Disposition “inconstitutionnelle”
“J’entends l’argument que la réserve parlementaire pouvait alimenter le clientélisme, mais il aurait fallu une réforme de petite ampleur pour que le caractère corrupteur du mécanisme soit éliminé”, affirme Gabrielle Durana, fondatrice et présidente d’Education Française Bay Area (EFBA), une association qui propose dans la région de San Francisco des cours de français aux enfants scolarisés dans le système public américain.
L’argent de la réserve parlementaire – autour de 40.000 euros provenant de plusieurs parlementaires – a permis à l’organisation de créer et développer les cahiers d’exercices Virgule, conçus pour assister les enseignants de français dans leurs activités d’apprentissage. Gabrielle Durana s’était tournée vers les députés et sénateurs représentant les Français de l’étranger pour épauler le projet après avoir essuyé le refus de l’AEFE (Agence pour l’enseignement français à l’étranger).
“La réserve parlementaire était un circuit de décision court. Il n’en existe pas beaucoup pour financer des projets à l’étranger. On peut demander une subvention à l’administration, mais quand elle ne s’en occupe pas, quel est le recours ? On peut se débrouiller ou aller voir les élus“.
Aujourd’hui, les cahiers Virgule sont téléchargés “3.500 à 5.000 fois par mois“, précise Gabrielle Durana, mais la suppression de la réserve parlementaire va obliger l’association à trouver des fonds ailleurs pour poursuivre le développement de la collection. “On va lever des fonds d’une manière ou d’une autre. Les enfants ont besoin de matériel pédagogique. C’est tout un tissu fragile de solidarité qui s’en va avec la réserve parlementaire“.

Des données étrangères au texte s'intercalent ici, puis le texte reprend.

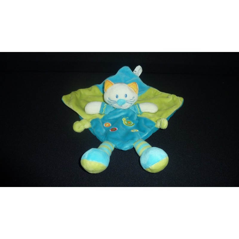 Description du doudou : Doudou plat chat, 2 petits nouages, ronds, escargot brodés. Coloris: turquoise, vert. Doudou super doux. Etat : Comme neuf, produit original.Recipient :
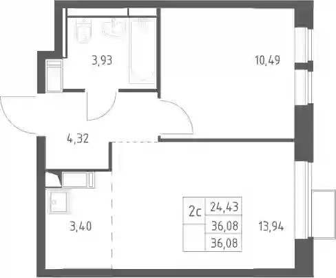 2-к.квартира, 36.08 м², 21 эт. в ЖК Большое Путилково Корпус 27

Le député LREM des Français d’Amérique du Nord, Roland Lescure, qui a voté pour la suppression du dispositif, a expliqué sa décision lors d’une intervention en séance publique. Contacté pour un commentaire, il a renvoyé French Morning vers un communiqué publié sur sa page Facebook dans lequel il dénonce une pratique “inconstitutionnelle” qui “sort des attributions et du rôle des députés tel qu’il est défini par l’article 24 de notre Constitution « Le Parlement vote la loi. Il contrôle l’action du Gouvernement. Il évalue les politiques publiques ». Comme je l’ai mentionné pendant mon intervention,« il ne dépense pas »“.
L’élu assure qu’il veillera que “la somme des réserves parlementaires des députes et sénateurs des Français de l’étranger soient ré-attribuées pour financer les initiatives de nos compatriotes à l’étranger“. Un rendez-vous, lundi 31 juillet, avec le ministre des affaires étrangères Jean-Yves Le Drian devait permettre d’aborder cette question notamment, selon le député.
Gabrielle Durana craint que les fonds soient attribués depuis Paris, loin du terrain, par des “gens qui ne sont pas responsables devant les électeurs“. “Quand on s’adresse à des personnes qui sont redevables devant les électeurs, les choses bougent. Ce qui n’est pas le cas quand on a affaire à la technostructure“.